In determining the GPU display name, amdgpu-utils will examine 2 sources. The output of lscpi -k -s nn:nn.n is used to generate a complete name and an algorithm is used to generate a shortened version. From the driver files, a set of files (vendor, device, subsystem_vendor, subsystem_device) contain a 4 parts of the Device ID are read and used to extract a GPU model name from a file retrieved from https://pci-ids.ucw.cz/ where a comprehensive list is maintained. An AMD only extract from that source is included in this distribution. The amdgpu-pciid tool can be used to manage the local extract. Execute amdgpu-pciid to check if a newer version is available and use amdgpu-pciid --install to replace the existing extract used by the utilities with an updated version. If your GPU is not listed in the extract, the pci.id website has an interface to allow the user to request an addition to the master list.

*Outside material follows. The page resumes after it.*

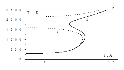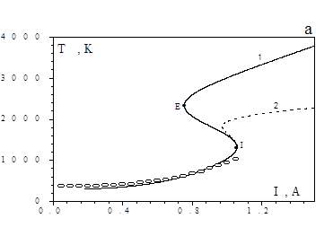 Кружочками на рис.3.1 представлены экспериментальные данные, полученные нами для вольфрамовой проволочки тех же геометрических размеров. Наблюдается хорошее согласие экспериментальных и расчетных стационарных низкотемпературных режимов тепломассообмена. Определено критическое значение силы тока, при котором происходит скачкообразный переход в высокотемпературное состояние проводника. При достижении силой тока критического значения Ii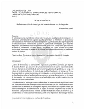 Schwarz Díaz, M. (2018). Reflexiones sobre la investigación en Administración de Negocios. Universidad de Lima, Facultad de Ciencias Empresariales y Económicas, Carrera de Administración.Editor

usage: amdgpu-pciid [-h] [--about] [--download] [--install] [--force] [-d]
optional arguments:
-h, --help show this help message and exit
--about README
--download download pci decode table from https://pci-
ids.ucw.cz/v2.2/pci.ids
--install download, parse amd entries, and install a new decode file
--force force install of new pci.ids data even if revision is unchanged
-d, --debug Debug output
The amdgpu-utils tools can be used to optimize performance vs. power for compute workloads by leveraging its ability to measure power and control relevant GPU settings. This flexibility allows one to execute a DOE to measure the effect of GPU settings on the performance in executing specific workloads. In the case of SETI@Home performance, the Energy feature has also been built into benchMT to benchmark power and execution times for various work units. This combined with the log file produced with amdgpu-monitor --gui --log can be useful in the optimization of performance.